It's not the kind of ending that actually cuts off with unresolved action. The story itself is self contained and has reached its conclusion, but the possibility remains for future stories to be told.

MANIFEST DESTINY
Apr 24, 2009

Well, there was this movie I seen one time

Seriously sometimes the production designers/set decorators are the most talented people on set, and thats not even meant as a crack on Ridley.

Atlas Hugged
Mar 12, 2007




MANIFEST DESTINY posted:

Seriously sometimes the production designers/set decorators are the most talented people on set, and thats not even meant as a crack on Ridley.

This is one of the reasons I'm so frustrated with people saying not to see it. The imagery is so goddamn beautiful and it's obviously a technical masterpiece. There is value in that alone even if you hated the plot.

Tubgirl Cosplay
Jan 10, 2011



Geekboy posted:

A lot of the complaints about Shaw's faith really come across as baggage people are bringing in with them. The woman literally just wears a cross. The end.

She never says a word about Jesus or God or quotes a single line of scripture. She believes in something that is ill-defined, mostly because it was what her father believed. Her dead father. Who gave her the cross she's attached to. If her father had been a Scientologist, she probably would have carried around a locket with L. Ron Hubbard's picture in it instead. Her character's motivation for being attached to it is entirely sentimental and not religious. The Christian imagery is important within the context of the film, but it is not a character flaw unless you're a Dawkins-quoting rear end in a top hat.

I wish I could remember the exact dialogue between Shaw and Holloway right before they knock boots, but it's as close as she comes at any point to talking about a defined faith.

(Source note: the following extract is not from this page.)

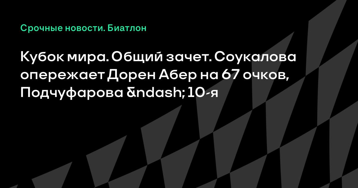 Кубок мира. Общий зачет. Соукалова опережает Дорен Абер на 67 очков, Подчуфарова – 10-я

As others have said, her faith is shattered at the end and she acknowledges that she believes in whatever meaning she's attached to this lump of metal around her neck because she chooses to. It doesn't keep her from being scientifically curious and it doesn't keep her from wanting answers to her questions. She flies off at the end searching for answers, not meaning.

It actually came across (hyuk hyuk hyuk) as a fairly healthy attitude towards religion. She acknowledges why it is a comfort to her and doesn't let it get in her way.

And the whole deal with the Engineers and, y'know, plot of the movie? She wants to buttonhole an angel and quiz them about God's plan, that's what the mission is to her and basically the totality of her character, large quantities of dialogue are spent on that point - hell, we look into her dreams and see that's what's driving her. She believes absolutely and in the face of incontrovertible evidence that this is a reasonable thing to do and the Engineers are the divine representatives to start with, there's the film, it's 100% faith-oriented and more in-your-face than a thousand vagina mouths.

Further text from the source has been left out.